• WHAT THE TASK REQUIRES
Restate exactly the lines from the top of the listing below to the line containing "Suite de notre"; the remaining lines are not wanted.

-*-*-

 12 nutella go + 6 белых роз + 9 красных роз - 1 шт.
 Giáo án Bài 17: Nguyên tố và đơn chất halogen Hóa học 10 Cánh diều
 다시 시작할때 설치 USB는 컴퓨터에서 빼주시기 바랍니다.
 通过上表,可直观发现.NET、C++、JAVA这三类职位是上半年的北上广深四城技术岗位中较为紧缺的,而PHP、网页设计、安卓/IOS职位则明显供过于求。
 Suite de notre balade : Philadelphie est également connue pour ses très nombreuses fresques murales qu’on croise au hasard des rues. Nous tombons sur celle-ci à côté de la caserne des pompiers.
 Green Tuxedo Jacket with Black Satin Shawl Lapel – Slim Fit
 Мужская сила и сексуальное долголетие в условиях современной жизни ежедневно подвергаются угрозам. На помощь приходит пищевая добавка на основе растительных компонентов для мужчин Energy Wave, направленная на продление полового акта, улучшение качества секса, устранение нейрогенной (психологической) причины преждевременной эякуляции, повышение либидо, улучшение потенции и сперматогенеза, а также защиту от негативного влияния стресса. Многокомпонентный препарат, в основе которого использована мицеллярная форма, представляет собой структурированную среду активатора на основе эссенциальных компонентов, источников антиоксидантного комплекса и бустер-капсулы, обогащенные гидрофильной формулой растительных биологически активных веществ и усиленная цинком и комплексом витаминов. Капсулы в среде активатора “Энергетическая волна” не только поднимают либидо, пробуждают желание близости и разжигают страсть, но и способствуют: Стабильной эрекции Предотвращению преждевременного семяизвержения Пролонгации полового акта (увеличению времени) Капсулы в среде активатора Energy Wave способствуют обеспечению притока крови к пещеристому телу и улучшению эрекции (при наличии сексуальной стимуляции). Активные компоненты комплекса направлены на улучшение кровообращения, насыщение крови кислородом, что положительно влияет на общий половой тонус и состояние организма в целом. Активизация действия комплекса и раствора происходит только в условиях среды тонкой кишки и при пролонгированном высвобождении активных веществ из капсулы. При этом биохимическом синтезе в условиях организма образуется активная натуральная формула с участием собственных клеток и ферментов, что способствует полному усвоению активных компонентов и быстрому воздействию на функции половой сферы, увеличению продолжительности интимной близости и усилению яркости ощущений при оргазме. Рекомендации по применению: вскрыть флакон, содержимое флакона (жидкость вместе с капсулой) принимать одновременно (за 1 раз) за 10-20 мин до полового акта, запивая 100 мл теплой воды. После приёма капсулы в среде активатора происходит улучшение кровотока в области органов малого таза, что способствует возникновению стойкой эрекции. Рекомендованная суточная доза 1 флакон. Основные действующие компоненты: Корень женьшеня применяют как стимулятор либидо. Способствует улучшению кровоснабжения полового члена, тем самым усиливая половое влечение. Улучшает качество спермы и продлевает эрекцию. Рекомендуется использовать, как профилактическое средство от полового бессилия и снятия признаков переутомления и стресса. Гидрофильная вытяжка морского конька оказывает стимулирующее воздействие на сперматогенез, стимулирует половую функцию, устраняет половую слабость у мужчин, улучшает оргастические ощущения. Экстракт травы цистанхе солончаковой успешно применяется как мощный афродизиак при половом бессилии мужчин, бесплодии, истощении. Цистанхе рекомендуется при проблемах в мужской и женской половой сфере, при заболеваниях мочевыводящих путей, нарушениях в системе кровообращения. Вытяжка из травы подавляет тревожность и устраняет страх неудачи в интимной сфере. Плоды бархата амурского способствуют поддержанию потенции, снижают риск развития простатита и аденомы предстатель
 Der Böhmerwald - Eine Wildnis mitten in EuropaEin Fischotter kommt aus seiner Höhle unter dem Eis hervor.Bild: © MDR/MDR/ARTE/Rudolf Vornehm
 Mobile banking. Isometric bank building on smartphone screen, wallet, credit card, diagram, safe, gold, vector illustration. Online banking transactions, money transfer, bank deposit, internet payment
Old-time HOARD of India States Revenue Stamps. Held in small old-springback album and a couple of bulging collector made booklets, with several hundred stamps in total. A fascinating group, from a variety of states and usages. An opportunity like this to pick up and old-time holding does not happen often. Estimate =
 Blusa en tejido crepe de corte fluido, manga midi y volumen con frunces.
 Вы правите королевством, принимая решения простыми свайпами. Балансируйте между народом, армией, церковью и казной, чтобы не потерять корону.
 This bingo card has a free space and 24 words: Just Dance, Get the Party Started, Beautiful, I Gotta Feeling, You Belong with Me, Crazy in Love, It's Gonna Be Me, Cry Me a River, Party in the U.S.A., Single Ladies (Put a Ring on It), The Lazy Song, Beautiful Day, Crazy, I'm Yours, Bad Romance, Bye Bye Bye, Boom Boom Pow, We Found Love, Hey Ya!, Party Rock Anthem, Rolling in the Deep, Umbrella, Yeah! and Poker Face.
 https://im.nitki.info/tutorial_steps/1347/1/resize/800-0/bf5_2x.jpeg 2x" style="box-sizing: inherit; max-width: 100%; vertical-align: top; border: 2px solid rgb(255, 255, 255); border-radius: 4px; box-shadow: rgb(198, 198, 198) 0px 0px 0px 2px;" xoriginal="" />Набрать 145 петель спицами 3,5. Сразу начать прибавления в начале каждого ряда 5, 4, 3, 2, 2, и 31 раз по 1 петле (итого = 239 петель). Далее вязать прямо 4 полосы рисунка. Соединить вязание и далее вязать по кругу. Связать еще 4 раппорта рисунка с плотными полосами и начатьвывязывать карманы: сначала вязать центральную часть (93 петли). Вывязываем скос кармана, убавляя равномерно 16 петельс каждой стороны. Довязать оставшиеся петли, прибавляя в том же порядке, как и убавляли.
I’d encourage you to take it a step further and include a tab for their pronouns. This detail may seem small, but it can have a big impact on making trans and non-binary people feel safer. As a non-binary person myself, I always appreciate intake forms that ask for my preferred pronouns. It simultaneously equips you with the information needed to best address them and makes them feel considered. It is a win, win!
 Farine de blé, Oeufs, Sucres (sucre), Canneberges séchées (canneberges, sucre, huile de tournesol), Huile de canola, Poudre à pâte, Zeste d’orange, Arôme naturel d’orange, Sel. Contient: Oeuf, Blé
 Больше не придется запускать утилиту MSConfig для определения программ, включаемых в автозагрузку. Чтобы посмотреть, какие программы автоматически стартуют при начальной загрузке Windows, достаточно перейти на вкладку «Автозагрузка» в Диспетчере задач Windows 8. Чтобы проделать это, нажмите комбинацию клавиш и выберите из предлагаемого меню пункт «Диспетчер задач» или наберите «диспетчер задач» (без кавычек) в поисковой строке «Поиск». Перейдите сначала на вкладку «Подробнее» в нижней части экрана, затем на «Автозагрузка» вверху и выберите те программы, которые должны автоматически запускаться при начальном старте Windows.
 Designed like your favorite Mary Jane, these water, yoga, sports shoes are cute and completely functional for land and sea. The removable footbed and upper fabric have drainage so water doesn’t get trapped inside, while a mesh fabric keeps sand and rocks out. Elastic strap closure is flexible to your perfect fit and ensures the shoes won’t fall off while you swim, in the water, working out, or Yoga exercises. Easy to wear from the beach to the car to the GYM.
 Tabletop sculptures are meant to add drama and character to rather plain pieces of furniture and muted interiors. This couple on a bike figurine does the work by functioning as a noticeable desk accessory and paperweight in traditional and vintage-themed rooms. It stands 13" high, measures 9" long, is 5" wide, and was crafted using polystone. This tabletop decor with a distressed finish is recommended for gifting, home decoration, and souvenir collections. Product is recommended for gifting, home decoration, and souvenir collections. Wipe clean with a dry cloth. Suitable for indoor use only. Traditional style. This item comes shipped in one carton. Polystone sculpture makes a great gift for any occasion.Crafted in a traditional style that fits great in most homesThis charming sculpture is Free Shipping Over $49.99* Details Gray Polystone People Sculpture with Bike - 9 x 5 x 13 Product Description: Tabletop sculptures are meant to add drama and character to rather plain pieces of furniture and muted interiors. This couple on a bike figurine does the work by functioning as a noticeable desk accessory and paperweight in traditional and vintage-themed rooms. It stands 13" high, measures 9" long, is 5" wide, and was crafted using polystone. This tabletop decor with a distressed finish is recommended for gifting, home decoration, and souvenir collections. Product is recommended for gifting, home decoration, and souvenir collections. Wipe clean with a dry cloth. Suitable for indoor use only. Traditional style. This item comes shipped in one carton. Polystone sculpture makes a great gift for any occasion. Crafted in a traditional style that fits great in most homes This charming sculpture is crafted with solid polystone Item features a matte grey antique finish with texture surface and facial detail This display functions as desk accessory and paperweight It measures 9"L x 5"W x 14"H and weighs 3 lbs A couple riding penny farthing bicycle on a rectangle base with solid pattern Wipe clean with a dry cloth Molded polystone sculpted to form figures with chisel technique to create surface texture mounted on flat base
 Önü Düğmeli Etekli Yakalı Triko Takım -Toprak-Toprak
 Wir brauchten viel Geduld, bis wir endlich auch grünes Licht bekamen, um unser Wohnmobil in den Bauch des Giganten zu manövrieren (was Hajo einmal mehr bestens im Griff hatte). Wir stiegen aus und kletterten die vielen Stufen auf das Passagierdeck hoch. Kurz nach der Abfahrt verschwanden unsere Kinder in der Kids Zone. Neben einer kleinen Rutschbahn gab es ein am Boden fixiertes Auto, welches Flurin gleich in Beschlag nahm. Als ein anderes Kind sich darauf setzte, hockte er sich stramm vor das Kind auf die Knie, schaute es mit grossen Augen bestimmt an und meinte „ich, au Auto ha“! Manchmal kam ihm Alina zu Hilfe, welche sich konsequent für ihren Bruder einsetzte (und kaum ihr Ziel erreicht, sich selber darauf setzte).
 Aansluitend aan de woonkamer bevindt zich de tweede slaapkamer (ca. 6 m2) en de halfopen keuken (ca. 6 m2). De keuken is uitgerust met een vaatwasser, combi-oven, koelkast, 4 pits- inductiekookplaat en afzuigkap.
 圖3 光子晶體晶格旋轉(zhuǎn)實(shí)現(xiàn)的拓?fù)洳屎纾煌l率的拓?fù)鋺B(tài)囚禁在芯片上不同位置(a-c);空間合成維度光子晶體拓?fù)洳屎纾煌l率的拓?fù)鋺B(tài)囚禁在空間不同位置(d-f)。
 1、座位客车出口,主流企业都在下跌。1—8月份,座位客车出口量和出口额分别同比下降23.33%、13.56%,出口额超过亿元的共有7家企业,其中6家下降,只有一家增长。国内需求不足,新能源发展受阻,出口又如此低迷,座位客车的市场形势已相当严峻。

-*-*-

• ANSWER
 12 nutella go + 6 белых роз + 9 красных роз - 1 шт.
 Giáo án Bài 17: Nguyên tố và đơn chất halogen Hóa học 10 Cánh diều
 다시 시작할때 설치 USB는 컴퓨터에서 빼주시기 바랍니다.
 通过上表,可直观发现.NET、C++、JAVA这三类职位是上半年的北上广深四城技术岗位中较为紧缺的,而PHP、网页设计、安卓/IOS职位则明显供过于求。
 Suite de notre balade : Philadelphie est également connue pour ses très nombreuses fresques murales qu’on croise au hasard des rues. Nous tombons sur celle-ci à côté de la caserne des pompiers.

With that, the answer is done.